Transactions And Locking

Two patterns you will reach for constantly:

Transactions wrap multiple writes that have to commit together. Every Node.js DB library exposes them as a callback that receives a transactional client. Use the transactional client inside; do not accidentally call the global pool.

TypeScript 
await db.transaction().execute(async (trx) => {
  const order = await trx.insertInto('orders').values({ ... }).returning('id').executeTakeFirstOrThrow();
  await trx.insertInto('order_items').values(items.map(i => ({ ...i, order_id: order.id }))).execute();
});

Optimistic vs pessimistic locking is the question of how to handle two requests racing to update the same row.

  • Optimistic: keep a version column, UPDATE ... WHERE id = $1 AND version = $2, and retry if zero rows were affected. Cheap, correct, no contention. Right for most app code.
  • Pessimistic: SELECT ... FOR UPDATE inside a transaction to lock the row until commit. Right when the work between read and write must not be re-done (charging a card, decrementing inventory).

Pick deliberately. Pessimistic locking under high concurrency turns into a queue.

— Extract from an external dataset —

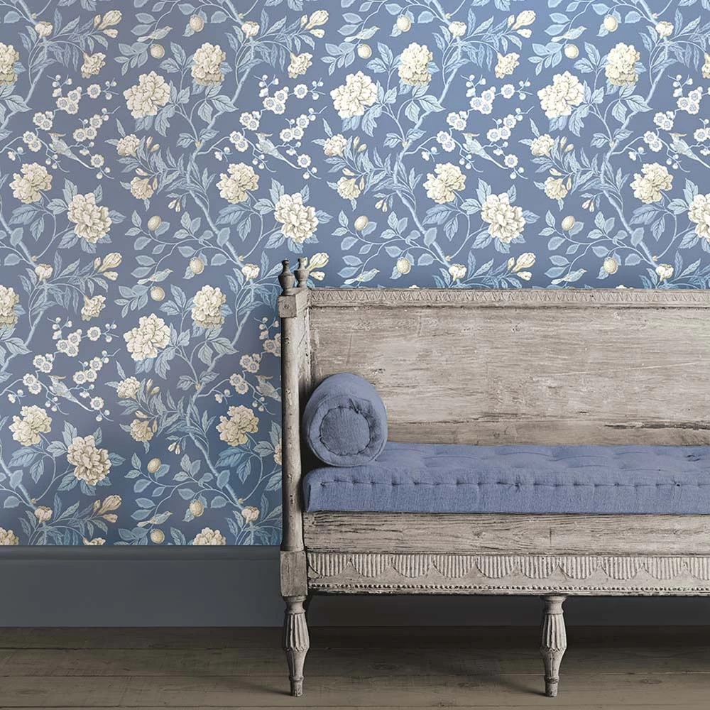 This design is derived from a group of hand-painted Chinese wallpapers discovered in a manor house in Kent. The lavish floral of peonies in full bloom with cherry blossom entwining fruit and birds of paradise has been skilfully translated into this exquisite new version.

The N+1 Problem Travels With You

The classic trap: load 50 orders, then for each order call order.customer and fire 50 more queries. Every ORM has a way to express the join up front — Prisma's include, Drizzle's with (via relations()), Kysely's explicit .innerJoin(). The reason the bug keeps happening is that ORMs make the N+1 version look identical to the joined version in your code; only the query count changes.

The defense is observability, not discipline. Log query counts per request in development, and assert in tests that critical endpoints stay under a threshold. Once you can see "this request fired 47 queries" in your terminal, the N+1 finds itself.

A One-Sentence Mental Model

The data layer is a pool, a driver, and a small set of intent-shaped functions on top — every other abstraction is a productivity choice that does not change those three responsibilities.